◆ **WHAT TO PRODUCE**: Please write the listing below out again exactly, leaving every picture behind.

◆ **RECORDED DATA**:
---*---

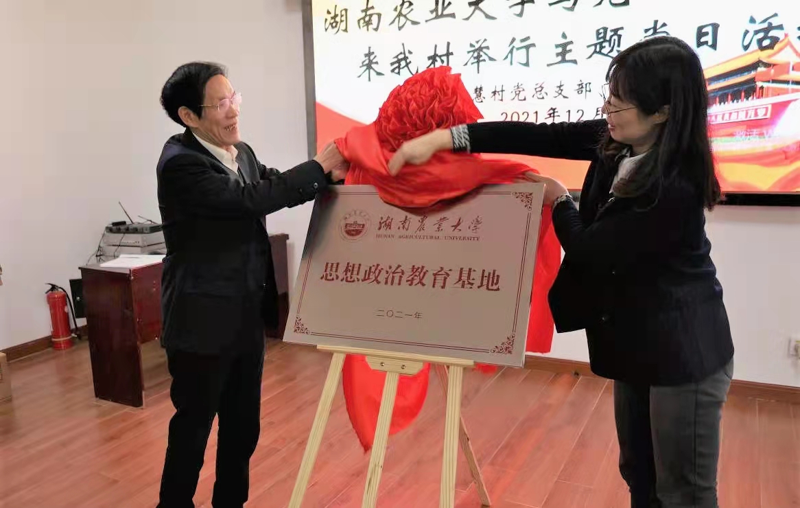 随后,马克思主义学院党总支书记唐琳教授邀请朱有志书记共同为湖南农业大学思想政治教育基地揭牌。唐书记说到,在开慧村建立思想政治教育示范基地扎实推进学院思想政治教育工作的重要举措,学院会充分发挥红色资源优势,积极开辟思想政治教育阵地,全面提升思想政治教育成效。
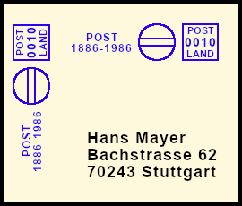 rückseitiger Freistempel: Postsendung bei der durch eine Fehlleistung der Freistempel auf der Rückseite anstatt auf der Vorderseite ausgeführt wurde |
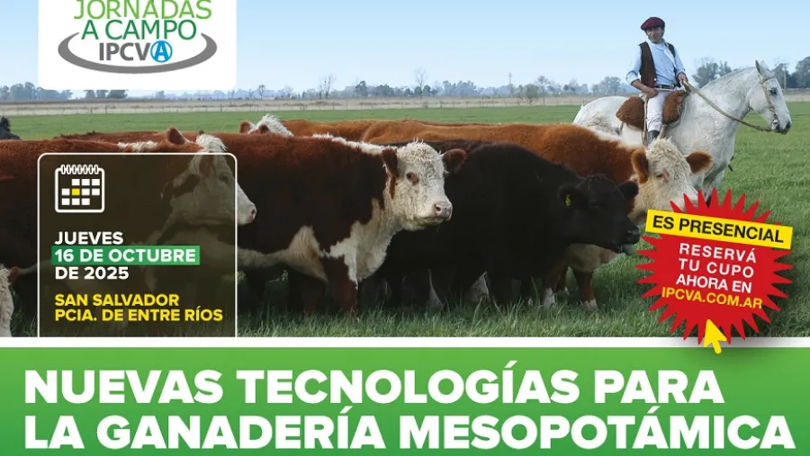 Bajo el slogan “Nuevas tecnologías para la ganadería mesopotámica”, el Instituto de Promoción de la Carne Vacuna Argentina (IPCVA) llevará a cabo una nueva Jornada a Campo en el Establecimiento La Lucrecia de San Salvador, Entre Ríos. Será el próximo jueves 16 de octubre de 2025.

---*---

◆ **YOUR RESPONSE**:
 随后,马克思主义学院党总支书记唐琳教授邀请朱有志书记共同为湖南农业大学思想政治教育基地揭牌。唐书记说到,在开慧村建立思想政治教育示范基地扎实推进学院思想政治教育工作的重要举措,学院会充分发挥红色资源优势,积极开辟思想政治教育阵地,全面提升思想政治教育成效。
 rückseitiger Freistempel: Postsendung bei der durch eine Fehlleistung der Freistempel auf der Rückseite anstatt auf der Vorderseite ausgeführt wurde |
 Bajo el slogan “Nuevas tecnologías para la ganadería mesopotámica”, el Instituto de Promoción de la Carne Vacuna Argentina (IPCVA) llevará a cabo una nueva Jornada a Campo en el Establecimiento La Lucrecia de San Salvador, Entre Ríos. Será el próximo jueves 16 de octubre de 2025.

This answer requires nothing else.